**PROBLEM TO SOLVE:**
Return every line of the records, exact and in full, until you have returned the line with "Postcard of the", and include none of the pictures.

**SUPPLIED DATA:**
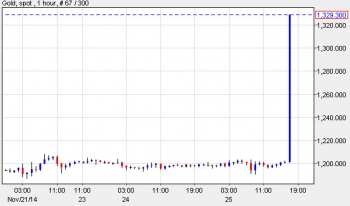 Не удивительно, что ошибка трейдера, которая на азиатских торгах 26 ноября спровоцировала стремительный рост золота с $1200 за тройскую унцию до $1460 за тройскую унцию, сразу стала источником для новой порции версий в стиле «теорий заговора».
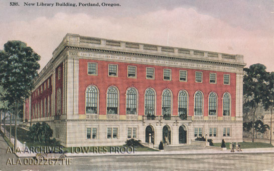Postcard of the Multnomah County Library in Portland, Oregon, after the building was constructed in 1913.
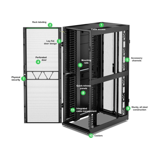 - Capacidad amplia de 52U: Este rack permite almacenar una gran cantidad de equipos de manera organizada y accesible, mejorando la eficiencia operativa de tu centro de datos.
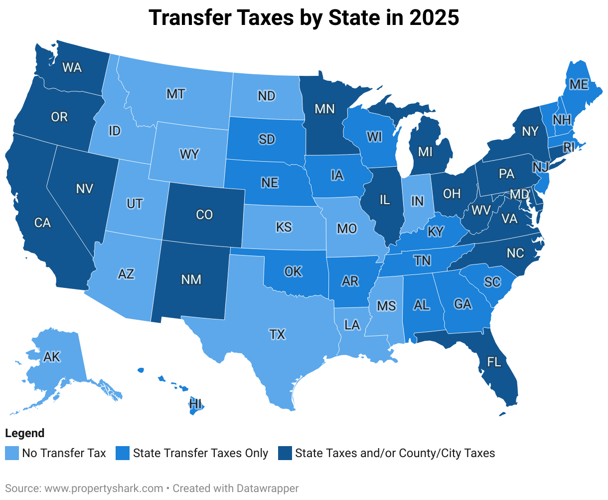 Map of the United States, showing what states have state transfer taxes only, states taxes and/or county/city taxes or no transfer taxes.
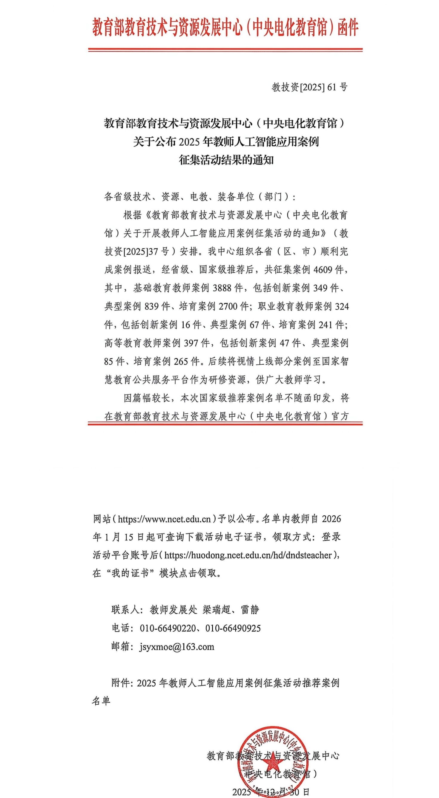 据悉,本次案例征集活动共收到全国各级各类教师案例4609件,其中职业教育教师案例324件。经省级推荐、国家级评审,最终评出职业教育类创新案例16件、典型案例67件、培育案例241件。其中福建省入选的职业教育案例共计15件。
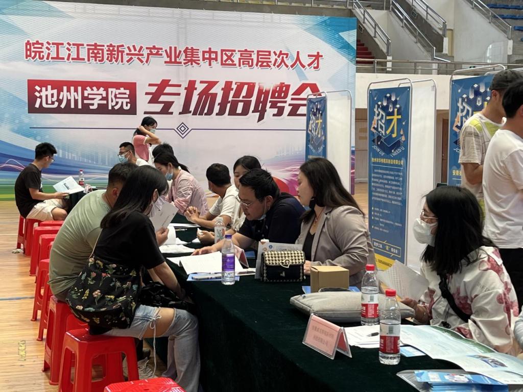 本次专场招聘会组织了21家用人单位,提供岗位100余个,178份offer,包括安徽文香信息技术有限公司、池州昀钐半导体材料有限公司、池州江南电力设备有限公司、中建材飞渡航天科技有限公司等优质企业,专业需求涉及机械类、化工类、电子信息类、计算机类、经济管理类、营销类等。招聘会现场井然有序,毕业生们手持个人简历穿梭在各个用人单位展位前,主动了解招聘详情,询问工作内容、薪酬待遇、工作地点及未来发展前景等问题,用人单位HR则热情耐心地介绍单位的情况、解答毕业生们的问题。整场招聘会达成就业意向86人。
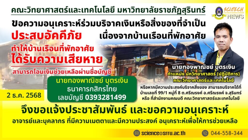 * สำนักงานอธิการบดี มหาวิทยาลัยราชภัฏสุรินทร์ ขอแสดงความเสียใจ และขอเป็นกำลังใจ

**COMPLETED TASK:**
 Не удивительно, что ошибка трейдера, которая на азиатских торгах 26 ноября спровоцировала стремительный рост золота с $1200 за тройскую унцию до $1460 за тройскую унцию, сразу стала источником для новой порции версий в стиле «теорий заговора».
Postcard of the Multnomah County Library in Portland, Oregon, after the building was constructed in 1913.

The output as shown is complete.